Synapse Serverless: The Good, The Bad, and The Ugly

When you a provision a Synapse workspace, you get a serverless endpoint for free (or almost free). This endpoint represents Synapse Serverless: a query service for ad-hoc exploration of data in CVS, Parquet, and JSON files stored in Azure Data Lake.

The Good

Being able to query files using SQL is great. Some of you might remember the U-SQL language that was introduced a few years ago alongside Azure Data Lake Storage (ADLS) Gen 1 which is now deprecated. It never caught up because it looked like SQL but it wasn’t (it was actually closer to C#). Now we’re talking about real SQL. To query files! This opens the possibility to implement a logical warehouse (the emphasis is on logical as everyone to my knowledge who tried to replace a data warehouse with a data lake has failed). Or, you can connect Power BI to the serverless endpoint and start querying all these files in DirectQuery mode. So, this enables real-time BI on top of file extracts.

Behind the scenes, Synapse Serverless uses a distributed query engine to conquer and process files in parallel. For more information, read the “POLARIS: The Distributed SQL Engine in Azure Synapse” whitepaper. I ran some limited performance testing and I’m impressed. I’m yet to test joins between large tables (I’d love to hear from someone on this subject).
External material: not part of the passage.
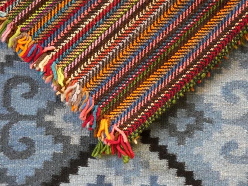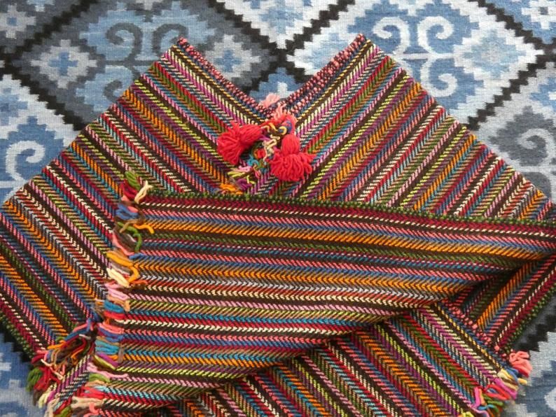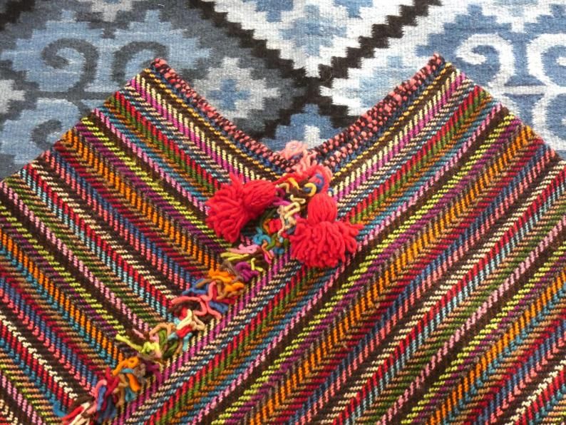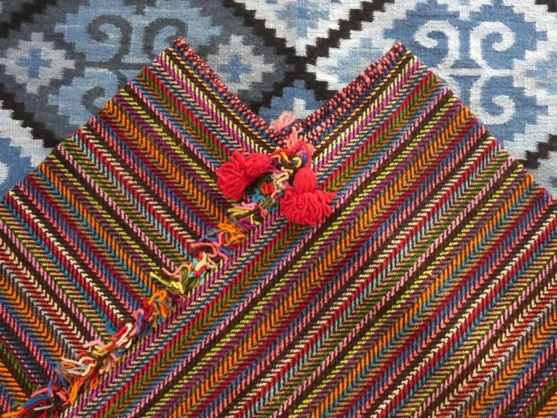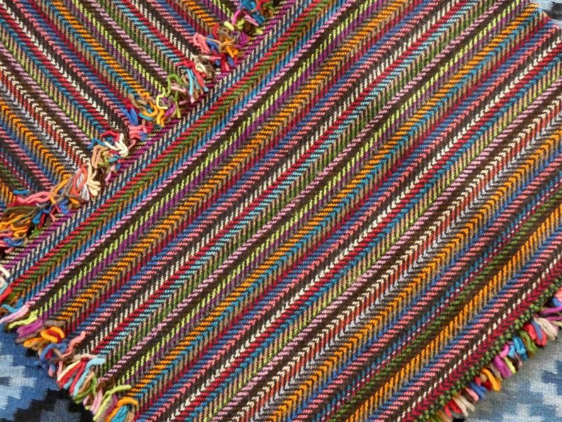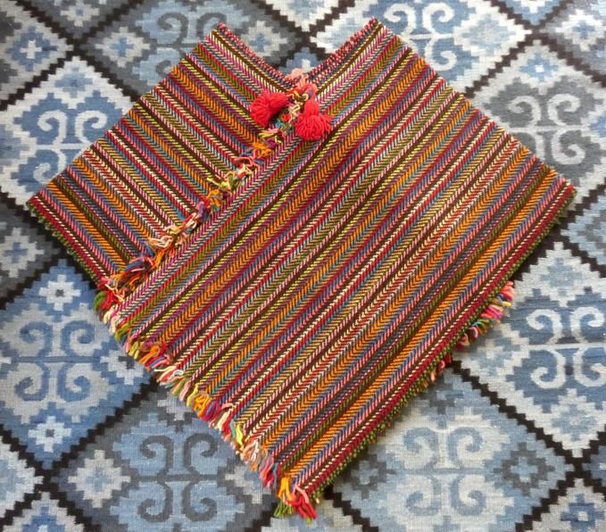 テオティトラン・デル・バジェ 手織りウールポンチョ☆天然染色 ボーダーG

Pricing is based on the data processed but it’s only $5 per TB. So, export your data in *.parquet files which are smaller and faster (TIP: you can use Azure Data Factory to output Parquet files). Furthermore, Serverless will automatically update statistics for Parquet files (CVS files will require you to update statistics manually) which together with proper partitioning could improve performance for joins and filters so that Serverless doesn’t have to read all the files.
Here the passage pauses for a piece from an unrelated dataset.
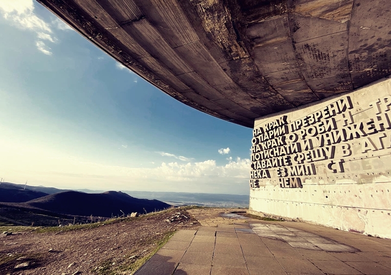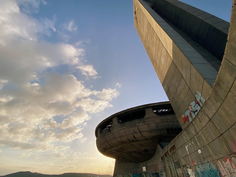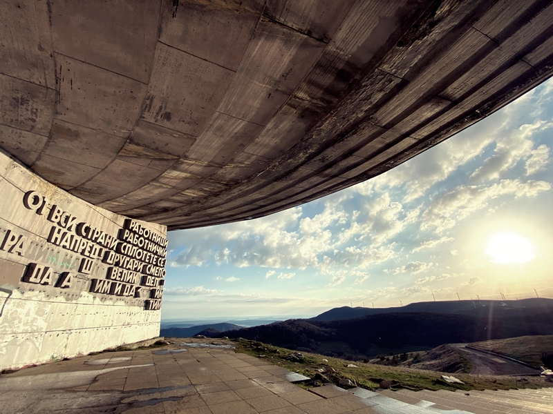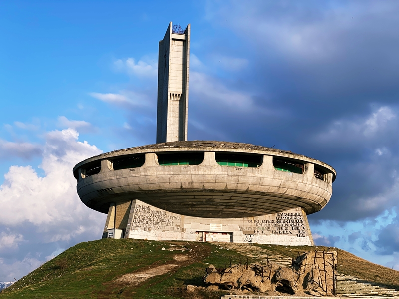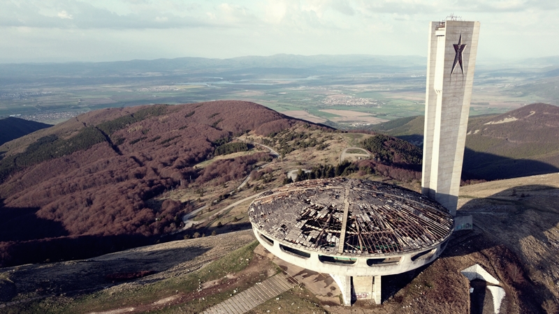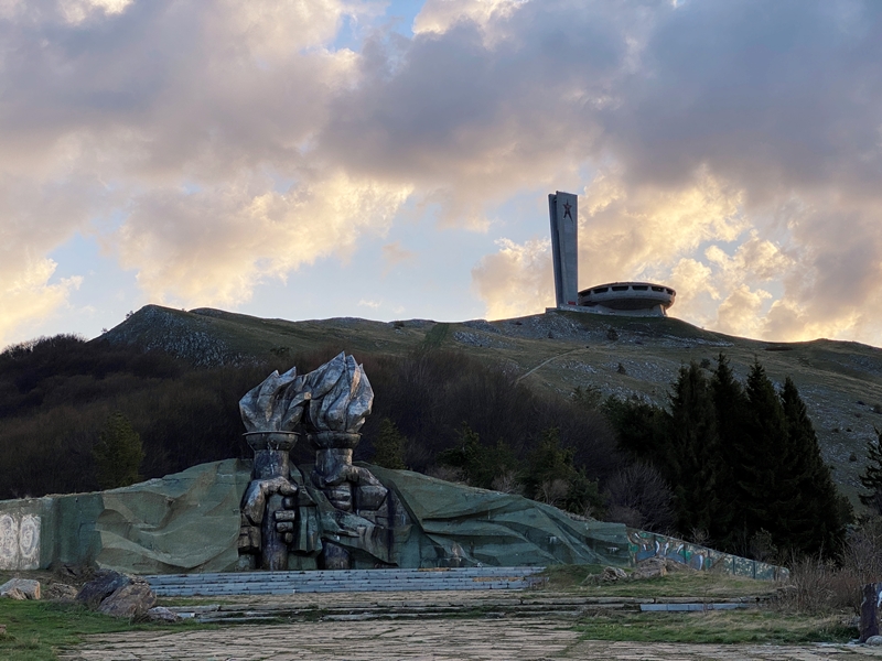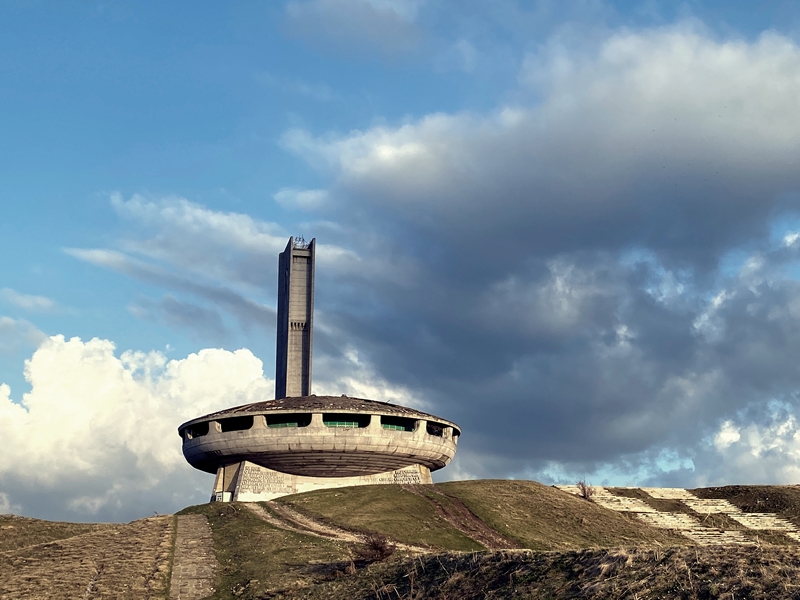 Winding up the forested roads of the Central Balkan Mountains, the monument slowly emerges on the horizon like something out of a sci-fi film. There’s no mistaking it. Its saucer-like top and towering red star-adorned spire pierce through the fog, dominating the ridgeline.
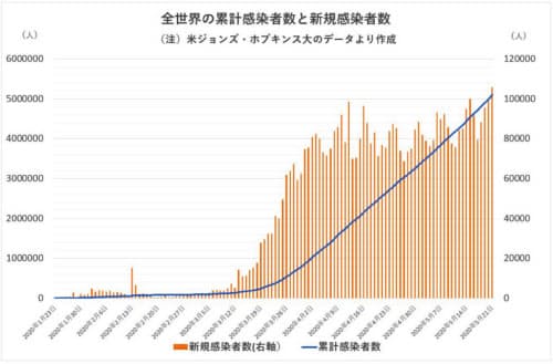 米東部時間22日午後4時(日本時間23日午前5時)時点で、世界の累計の感染者数は516万人を超え、死者数は33万6千人あまりとなった。最初に感染が拡大した中国の感染者数(8万4千人超)をすでに12カ国が上回っている。

The Serverless feature that I like most though is the flexible schema.

Consider the following query, which defines the expected schema using the WITH clause. Will the query break if a schema drift is detected, e.g. some of the files have additional columns or the column names don’t match? Nope. The query still executes successfully, and if not specified in the WITH clause, the schema drift columns will come back empty. This opens the opportunity to do analytics on top of different schemas which is something you can’t do with your trusted SQL Server!

SELECT

     COUNT([Month]), COUNT([Month1])

FROM

    OPENROWSET(

        BULK‘https://dvdls01.dfs.core.windows.net/dvdlsfs01/google/*.csv’,

        FORMAT = ‘CSV’,

        PARSER_VERSION=‘2.0’,

        HEADER_ROW = TRUE

    )

    WITH (

        [Year] int,

        [Month] NVARCHAR(200),

        [Month1] NVARCHAR(200),

        [Day] int,

        [Ecommerce Conversion Rate] NVARCHAR(50),

        [New Users] int

        )

        AS [result]

The Bad

Currently, Serverless is limited to accessing data stored in ADLS only. I wish Microsoft extends Serverless to other vendors, such as Amazon (S3 and Athena) or Google. As a PaaS offering, there is no option to plug in additional drivers. The same limitation applies to the Synapse SQL Pool by the way. Adding the ORC files to the list of supported file formats will be a good addition, as well as the AVRO format which is generated by the Event Hub Capture.
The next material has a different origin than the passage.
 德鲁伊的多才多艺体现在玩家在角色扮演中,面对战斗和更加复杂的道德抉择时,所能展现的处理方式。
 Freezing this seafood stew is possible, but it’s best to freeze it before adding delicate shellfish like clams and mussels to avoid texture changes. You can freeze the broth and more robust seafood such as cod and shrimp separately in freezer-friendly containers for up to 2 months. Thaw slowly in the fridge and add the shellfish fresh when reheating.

You can find more crowdsourced improvement ideas at the Synapse Forum.

The Ugly

Now that you have a logical data warehouse, a common requirement is to get that data and load it into a physical data warehouse hosted in the Synapse SQL Pool. Unfortunately, the current architecture keeps the two pools separate (think of them as two different SQL servers). Views saved in a Serverless database are not accessible by the SQL Pool. The SQL Pool doesn’t support OPENROWSET either, so the approach outlined here won’t work. You must use Azure Data Factory or another ETL tool to stage the data in the SQL Pool if you follow the ELT pattern. I’d love to see the SQL Pool extended to support OPENROWSET as Azure SQL Managed Instance does to avoid yet another data movement and data staging.